Improving ABR Performance for Short Video Streaming Using Multi-Agent Reinforcement Learning with Expert Guidance

Yueheng Li,Qianyuan Zheng,Zicheng Zhang,Hao Chen,Zhan Ma
2023-04-10
Abstract:In the realm of short video streaming, popular adaptive bitrate (ABR) algorithms developed for classical long video applications suffer from catastrophic failures because they are tuned to solely adapt bitrates. Instead, short video adaptive bitrate (SABR) algorithms have to properly determine which video at which bitrate level together for content prefetching, without sacrificing the users' quality of experience (QoE) and yielding noticeable bandwidth wastage jointly. Unfortunately, existing SABR methods are inevitably entangled with slow convergence and poor generalization. Thus, in this paper, we propose Incendio, a novel SABR framework that applies Multi-Agent Reinforcement Learning (MARL) with Expert Guidance to separate the decision of video ID and video bitrate in respective buffer management and bitrate adaptation agents to maximize the system-level utilized score modeled as a compound function of QoE and bandwidth wastage metrics. To train Incendio, it is first initialized by imitating the hand-crafted expert rules and then fine-tuned through the use of MARL. Results from extensive experiments indicate that Incendio outperforms the current state-of-the-art SABR algorithm with a 53.2% improvement measured by the utility score while maintaining low training complexity and inference time.
Multimedia,Image and Video Processing
What problem does this paper attempt to address?

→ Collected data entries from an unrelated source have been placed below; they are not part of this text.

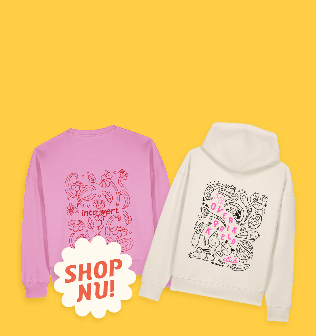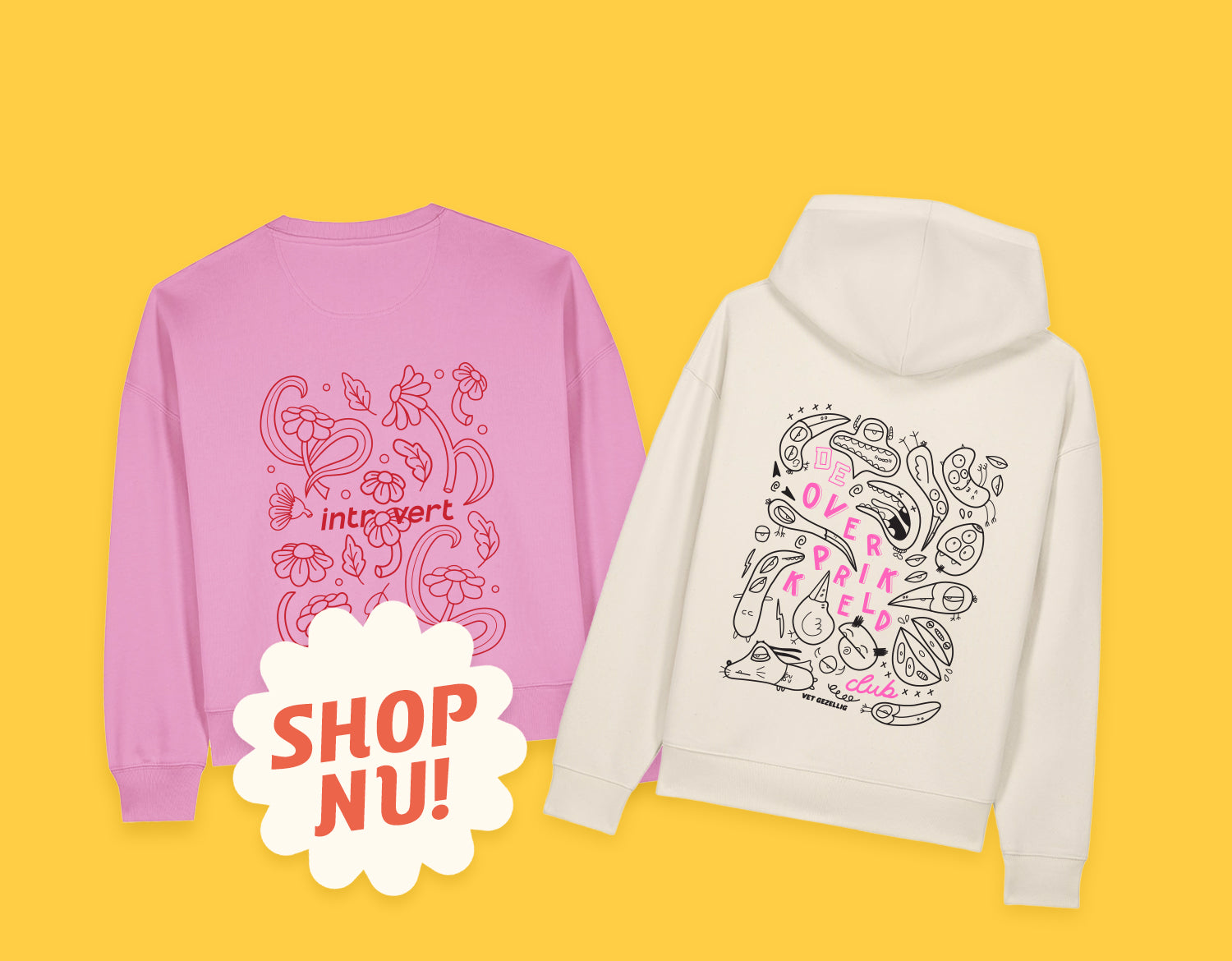 Hoodie ‘De Overprikkeld Club’ - Beige Unisex 85% Biologisch Katoen (Fair Wear)
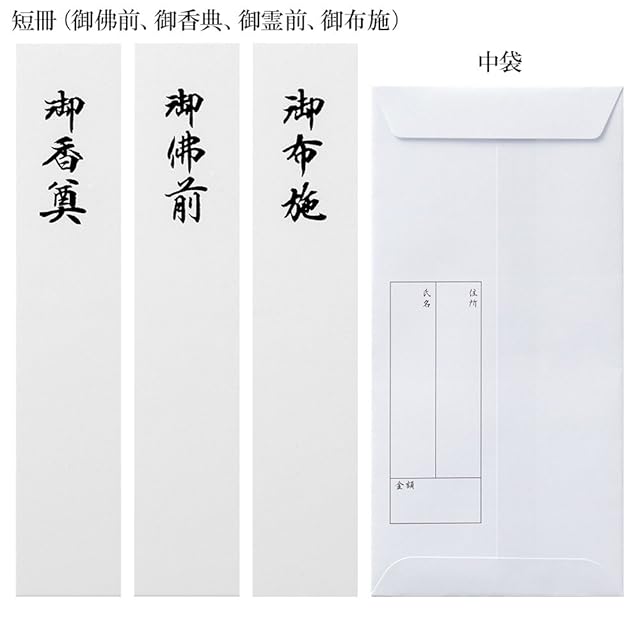 短冊(御佛前、御香典、御霊前、御布施)各1枚付き。
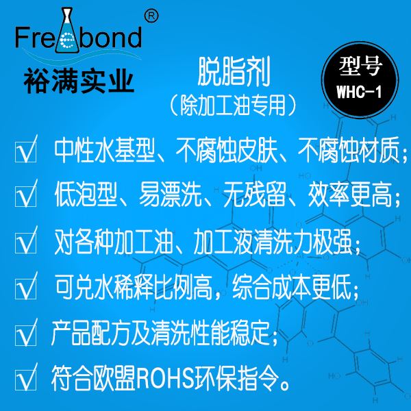中性脫脂劑|中性除油劑|中性清洗劑|裕滿清洗劑WHC-1是一款以表面活性劑為主要成份的水基清洗劑;本品能夠徹底的清除工件表面的各種加工油、加工液等臟污,具有清洗力強、性能穩定、低泡型易漂洗、綜合成本低、不腐蝕材質等優點。
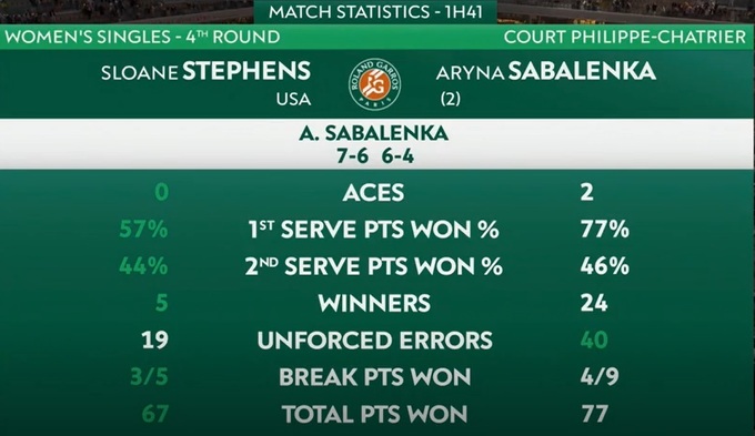 Американська тенісистка тенісистка Слоан Стівенс (№30 WTA) завершила виступи в одиночному розряді на Відкритому чемпіонаті Франції з тенісу.
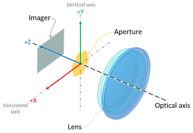 The first stage of the rendering pipeline is a perspective projection. The camera is placed at the vanishing point of the frustum. The point of reference for the position of the camera in AVxcelerate Sensor Labs (see Sensor Referential) is therefore the entrance pupil of the lens system.
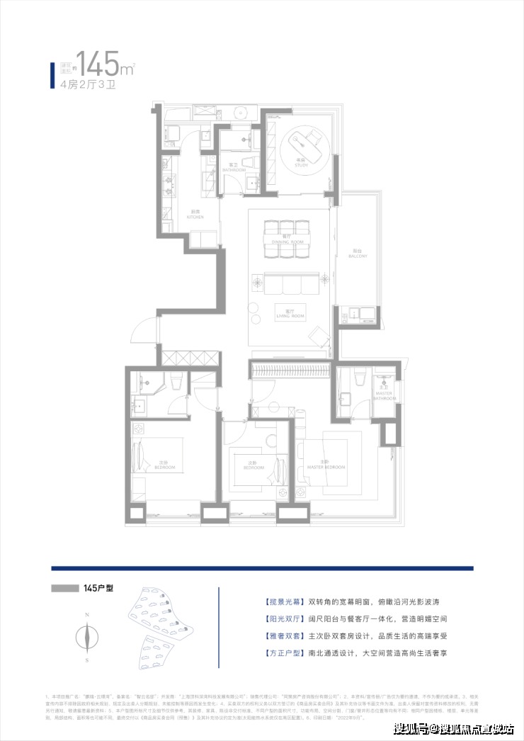 约145㎡四房两厅三卫:大横厅搭配270°景观视野,套数不多,改善置业必抢。
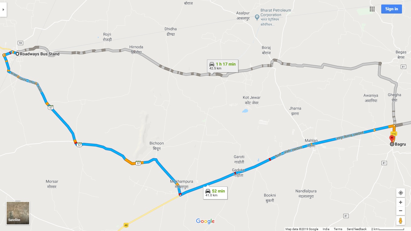 | Phulera to Bagru Via Boraj | Phulera to Bagru Via Mokhampura |
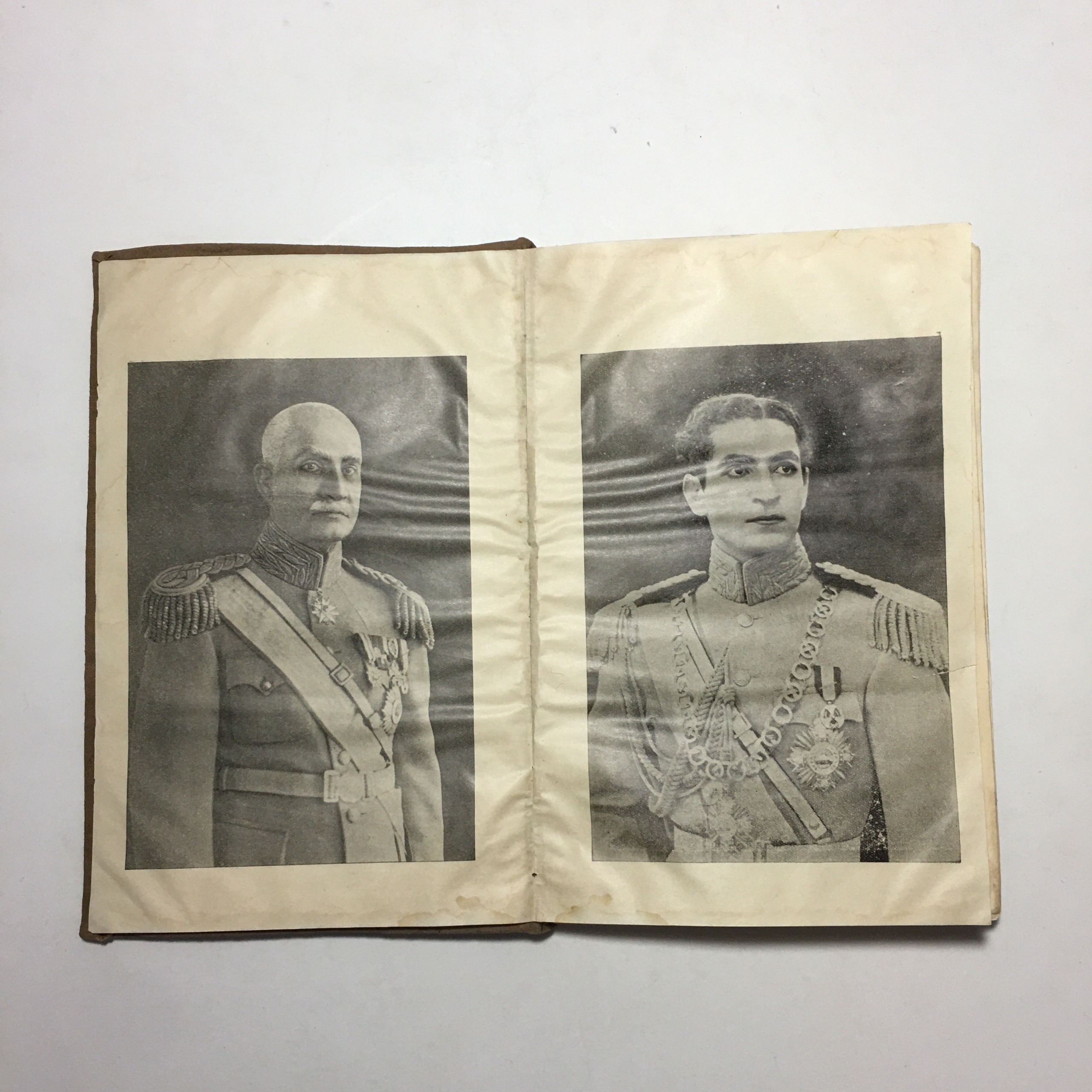 درون کتاب، عکسهای رضا شاه، محمدرضا پهلوی و همچنین پرچم شیر و خورشید ایران دیده میشود که جلوه ای تاریخی و کلکسیونی به آن بخشیده است.

The problem that this paper attempts to solve is how to optimize the Adaptive Bit Rate (ABR) algorithm in short - video streaming media to simultaneously improve the Quality of Experience (QoE) of users and bandwidth efficiency. Specifically, the existing ABR algorithms are mainly designed for traditional long - video applications, and these algorithms have deficiencies when dealing with short - videos. For example, they cannot effectively perform content pre - fetching, which easily leads to a decline in user experience or bandwidth waste. Therefore, the paper proposes a new framework - Incendio, which uses the method of combining Multi - Agent Reinforcement Learning (MARL) with expert guidance to optimize the Short - video Adaptive Bit Rate (SABR) algorithm. The main contributions of the paper are as follows: 1. **Separate decision - making**: The selection of video IDs and the adjustment of video bit rates are respectively handed over to two different agents (BM - agent and BA - agent) for management. This can reduce the decision - making space and accelerate the convergence speed of neural network training. 2. **Utilize expert knowledge**: Incendio is pre - trained through Imitation Learning (IL) to quickly reach the expert state from a basic state, reducing the number of invalid trials and the risk of sub - optimal solutions. 3. **Efficient reinforcement learning**: The Multi - Agent Proximal Policy Optimization (MAPPO) algorithm is used to fine - tune Incendio to further optimize its performance. The experimental results show that compared with the current state - of - the - art SABR algorithms, Incendio has increased the overall utility score by 53.2%, and also maintains a low level in terms of training complexity and inference time. This indicates that Incendio is not only superior to existing methods in performance, but also has high feasibility in actual deployment.